今日では、シナモンロールは世界中で愛されるお菓子となり、アイシングやナッツ、フルーツなど、さまざまなアレンジが加えられるようになっています。また、パン屋やカフェなどで手軽に購入できるようになり、家庭でも簡単に作れるキットやレシピも流通しています。
「シナボン」の爆発的な成功
さきほどお話に挙げた「シナボン」についてもう少し深掘りしてみましょう。アメリカのシナモンロールチェーン「シナボン(Cinnabon)」は、1975年に創業されました。面白いことに、シナボンの設立者であるリチャード・カーメン(Richard C. Karmann)は、当初シナモンロールを小さなレストランで提供しようと思っていたのですが、予想以上に人気が出たため、瞬く間にアメリカ全土に広がりました。シナボンの成功の一因は、シナモンロールを大きくて甘く、さらにアイシングたっぷりにしたことです。これが「シナモンロール」という食べ物のアメリカらしい新しいスタイルとして大きな注目を集めました。特に、アメリカのショッピングモール内で見かけることが多く、モールでショッピングを楽しんでいる人々にとっては、シナモンロールが手軽に楽しめるおやつとして人気を博しています。
シナモンロールと映画
シナモンロールは映画やテレビ番組でも登場することがあります。例えば、アメリカの映画「メリーに首ったけ(There’s Something About Mary)」では、登場人物がシナモンロールを食べるシーンがあり、シナモンロールの甘い香りが人々を引き寄せる要素として描かれています。このように、シナモンロールは、甘い美味しさだけでなく、物語の中でもユニークな役割を果たしています。
巨大シナモンロールのギネス記録
シナモンロールはその大きさでも注目されたことがあります。例えば、2017年にはアメリカのアーカンソー州で、直径4.2メートルの世界最大のシナモンロールが作られ、ギネス世界記録に認定されました。このシナモンロールは、通常のシナモンロールとは比較にならないほど巨大で、数百人が一度に食べることができる規模でした。このような巨大シナモンロールが作られる背景には、地元のイベントやコミュニティ活動としての意味もあり、地元の人々が集まって一緒に楽しむ機会として特別な意味を持ちました。
「シナモンロール」のレシピ
ここでは、シナモンロールの簡単なレシピをご紹介します。こちらは、ホームベーカリーや手でこねる方法でも作れるシンプルで美味しいシナモンロールのレシピですので、是非試してみて下さい。
【材料(8〜10個分)】
生地:
- 強力粉 250g
- 砂糖 30g
- ドライイースト 5g
- 塩 ひとつまみ
- 牛乳 150ml(ぬるま湯でも可)
- 卵 1個
- バター(無塩) 50g(溶かしておく)
シナモンフィリング:
- シナモン 大さじ1
- 砂糖 50g
- バター(無塩) 30g(室温で柔らかくしておく)
アイシング(お好みで):
- 粉糖 50g
- 牛乳 小さじ2〜3
- バニラエッセンス 数滴(お好みで)
【作り方】
1. 生地を作る
- ボウルに強力粉、砂糖、ドライイースト、塩を入れて混ぜます。
- 別のボウルで牛乳、卵、溶かしたバターを混ぜ合わせます。
- 液体の材料を粉類に加え、全体がなじむように混ぜます。
- 生地がまとまったら、台の上に移し、10〜15分間しっかりこねてなめらかな生地にします。
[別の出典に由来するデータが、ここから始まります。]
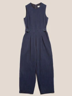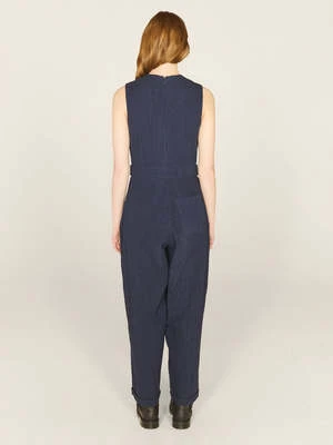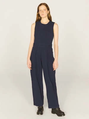 The Jojo Seersucker Jumpsuit in Indigo from YMC is a sleeveless jumpsuit cut from a heavy duty cotton seersucker. Featuring front waist pleats and side pockets. Crafted from cotton seersucker, the jumpsuit has invisible zip fastening at the back and side pockets.

- ボウルに戻し、ラップをして温かい場所で約1時間発酵させます。生地が2倍の大きさになるまで発酵させましょう。
2. シナモンフィリングを作る
- シナモンと砂糖を混ぜ合わせておきます。
- バターを室温で柔らかくしておきます。
3. 生地を成形する
- 発酵が終わった生地を台の上に取り出し、麺棒で長方形に伸ばします(約30×20cm)。
- 伸ばした生地に柔らかくしたバターを塗り、シナモンと砂糖のフィリングを均等に振りかけます。
- 生地を手前から巻いていき、巻き終わりを軽く押さえて閉じます。
- 巻き終わった生地を8〜10等分に切り分けます。
4. 焼く
- 予熱したオーブン(180℃)で、シナモンロールを約15〜20分焼きます。表面がきつね色になったらOKです。
5. アイシングを作る(お好みで)
- 粉糖と牛乳を混ぜて、滑らかなアイシングを作ります。必要に応じてバニラエッセンスを加えても良いです。
- 焼き上がったシナモンロールにアイシングをかけて、出来上がりです。
- お好みで砕いたナッツをかけてもOKです。
「シナモンロール」は気軽に食べられるエナジーチャージスイーツ
アメリカでは、「シナモンロール」は日常的によく目にするソウルフードです。モールでショッピングに疲れた際に、そのスパイシーかつ甘い香りを嗅ぐと一気に食欲を高めてくれます。ヨーロッパとアメリカでは甘さやサイズ感も異なるものの、シナモン好きにはたまらない一品です。ぜひ、旅行の際に体を甘さで癒したい際はシナモンロールを食べてエナジーチャージしてみて下さい。